_Exercise_. Every line from the one with "Designed with a" to the one with "Современный ландшафтный дизайн", including those two, is to be copied exactly; all other lines of the entries below are left out.

_Task input_.
******************************

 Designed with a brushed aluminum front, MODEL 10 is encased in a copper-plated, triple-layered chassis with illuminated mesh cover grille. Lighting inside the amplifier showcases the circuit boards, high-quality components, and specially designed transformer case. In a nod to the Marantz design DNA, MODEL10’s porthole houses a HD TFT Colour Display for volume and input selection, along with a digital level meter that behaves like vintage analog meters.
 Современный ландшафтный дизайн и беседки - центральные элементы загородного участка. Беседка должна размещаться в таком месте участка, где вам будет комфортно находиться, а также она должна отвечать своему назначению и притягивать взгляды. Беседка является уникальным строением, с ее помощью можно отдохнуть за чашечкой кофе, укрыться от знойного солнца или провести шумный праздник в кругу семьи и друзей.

******************************

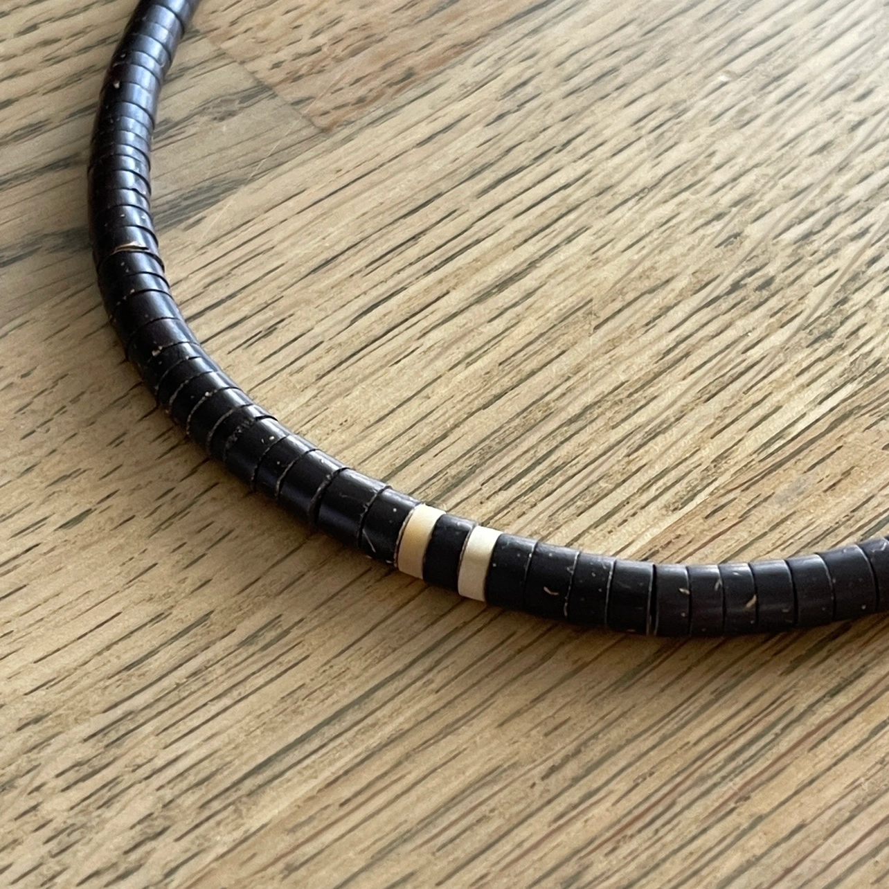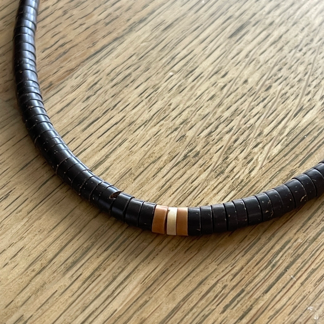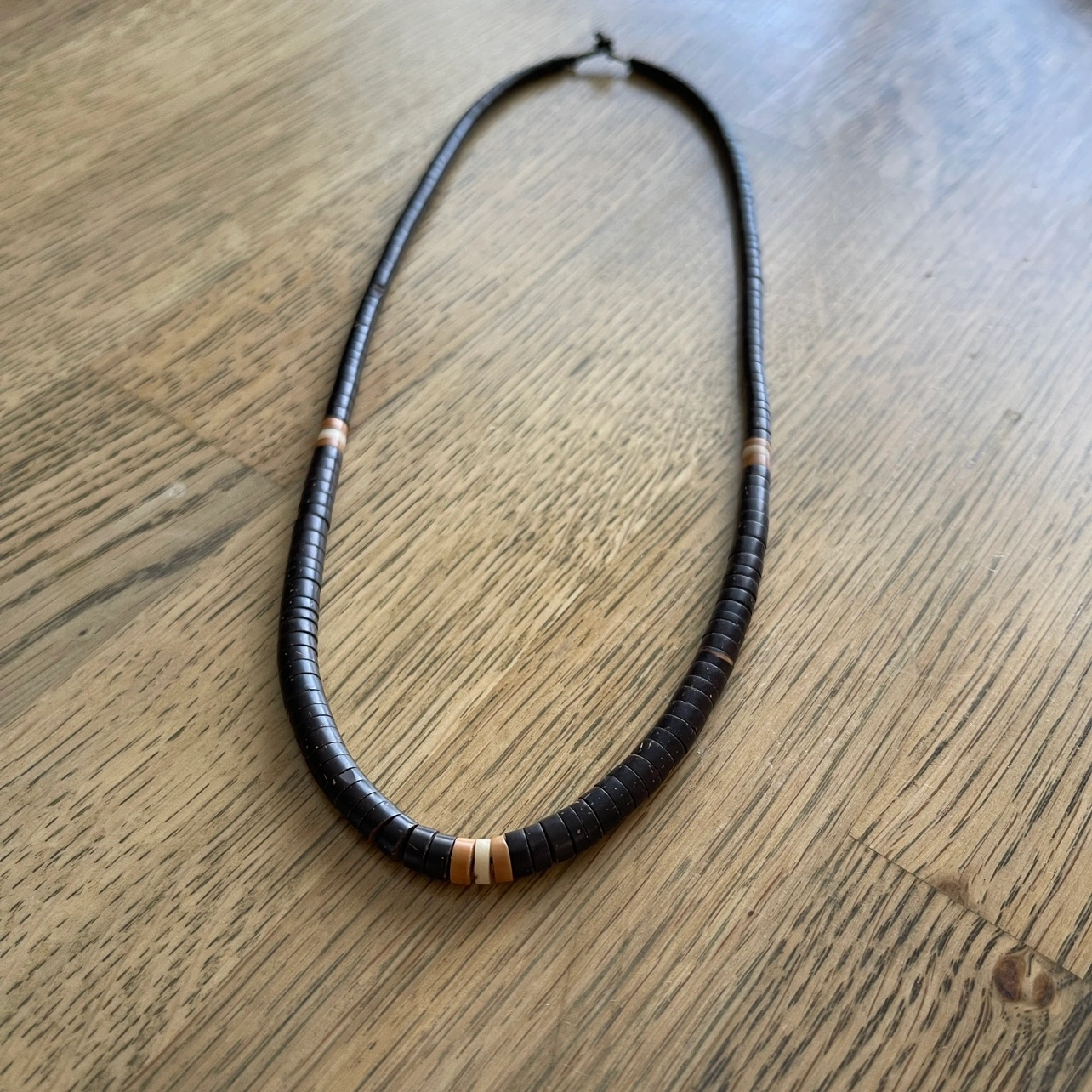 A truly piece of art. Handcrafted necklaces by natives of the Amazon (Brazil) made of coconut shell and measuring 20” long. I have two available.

******************************

_Exercise result_.
 Designed with a brushed aluminum front, MODEL 10 is encased in a copper-plated, triple-layered chassis with illuminated mesh cover grille. Lighting inside the amplifier showcases the circuit boards, high-quality components, and specially designed transformer case. In a nod to the Marantz design DNA, MODEL10’s porthole houses a HD TFT Colour Display for volume and input selection, along with a digital level meter that behaves like vintage analog meters.
 Современный ландшафтный дизайн и беседки - центральные элементы загородного участка. Беседка должна размещаться в таком месте участка, где вам будет комфортно находиться, а также она должна отвечать своему назначению и притягивать взгляды. Беседка является уникальным строением, с ее помощью можно отдохнуть за чашечкой кофе, укрыться от знойного солнца или провести шумный праздник в кругу семьи и друзей.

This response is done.